James and Jessie ran up to where he was standing, and Ash pointed a finger at an opening to a cave.
"Brock and Misty saw it, and ran right inside." Ash reported. The kid was eager to go in after Misty-that much was obvious.
"Ok," Kakumei said, though her voice had lost some of its strength and she was sweating a little, "I made him wait until you got here," she explained. She held Ash by the collar- the boy couldn't stand still. "We don't know what or who is in their but," she smirked, "If you two ever want to see your girlfriends in their right state of mind again, we gotta go through with it."

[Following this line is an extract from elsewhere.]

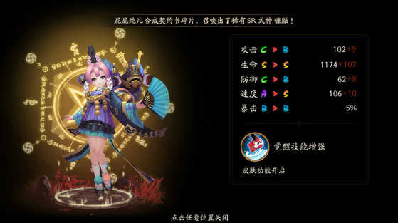 金鱼.助阵:金鱼姬召唤一条金鱼助战,金鱼继承金鱼姬48%(满级66%)生命和100%攻击,在友方受到伤害时,金鱼会分担40%伤害。(优先于薙魂触发)满级附带金鱼普攻66%概率击退目标30%行动条

Ash and James simultaneously and mechanically yelled, "She's not my girlfriend!" and Jessie gave Kakumei a blank stare.
The doctor let out a yeah-right sigh, "Now that's you got your priorities straight, are we going in?"
Ash nodded vigorously, "We have to get Misty and Pickachu back! Brock too!" he yelled.
James and Kakumei stared at Jessie. She said softly, "I thought I knew what was in there, but now I'm not so sure...but..." She turned and walked into the entrance. Just before she disappeared into the shadows, she turned around and said softly, "It's important isn't it? I'll go." And she disappeared into the cave.
"Let's Go!" Ash said, running after her, Kakumei at his heels.
James had been too stunned to speak. He knew she had been scared, but she had gone in anyway, to help out. He forced his legs to move, and he broke out into a run.
He rushed into the cave, but could see nothing but blackness in front of his face. Suddenly he heard a familiar scream.
"Jessie!" he yelled, and rushed in the direction of the sound.
He was stopped short, as lights came on all at once. James couldn't see. The change of light blinded him, and these weren't normal illuminations. It wasn't an electric glow, it seemed as if the cave walls were a bright and glimmering crystal-hot blue.
"So now," a voice said. It spoke in a calm, soothing, but somehow creepy voice. Though he couldn't see the speaker, the voice was clear. It came from everywhere all at once. The voice was neither male, nor female. It wasn't human, but it was like no creature he'd ever known. It continued, "My pawns have finally arrived. It's time to play the game."